ASSIGNMENT: The entries that follow include a run beginning at the line with "Gazetecilik Bölümü son" and ending at the line with "Tierno coco horneado"; restate that run word for word and leave the rest out.

(MATERIAL FOR THIS TASK)

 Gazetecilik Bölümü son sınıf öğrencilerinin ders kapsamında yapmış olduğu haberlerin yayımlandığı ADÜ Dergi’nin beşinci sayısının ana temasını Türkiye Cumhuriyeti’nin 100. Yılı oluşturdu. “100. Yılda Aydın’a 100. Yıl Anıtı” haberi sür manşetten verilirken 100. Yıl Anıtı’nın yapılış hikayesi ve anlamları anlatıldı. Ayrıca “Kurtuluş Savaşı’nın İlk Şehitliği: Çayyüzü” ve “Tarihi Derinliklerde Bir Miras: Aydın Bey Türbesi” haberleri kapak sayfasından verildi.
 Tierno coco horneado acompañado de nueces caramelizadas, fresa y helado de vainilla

(End MATERIAL FOR THIS TASK)
(MATERIAL FOR THIS TASK)

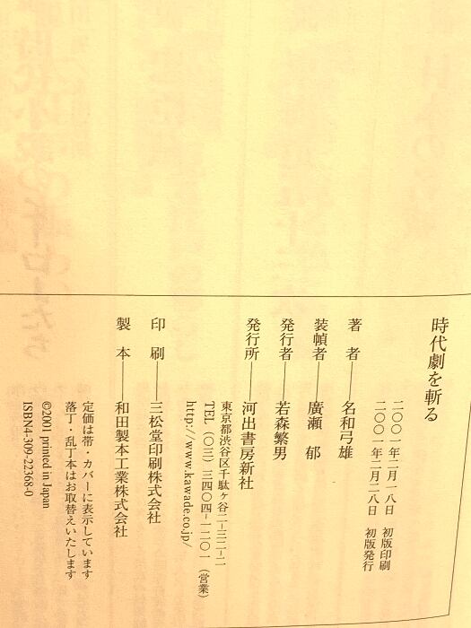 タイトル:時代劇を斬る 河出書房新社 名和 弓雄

(End MATERIAL FOR THIS TASK)

ANSWER FOR THE TASK:
 Gazetecilik Bölümü son sınıf öğrencilerinin ders kapsamında yapmış olduğu haberlerin yayımlandığı ADÜ Dergi’nin beşinci sayısının ana temasını Türkiye Cumhuriyeti’nin 100. Yılı oluşturdu. “100. Yılda Aydın’a 100. Yıl Anıtı” haberi sür manşetten verilirken 100. Yıl Anıtı’nın yapılış hikayesi ve anlamları anlatıldı. Ayrıca “Kurtuluş Savaşı’nın İlk Şehitliği: Çayyüzü” ve “Tarihi Derinliklerde Bir Miras: Aydın Bey Türbesi” haberleri kapak sayfasından verildi.
 Tierno coco horneado acompañado de nueces caramelizadas, fresa y helado de vainilla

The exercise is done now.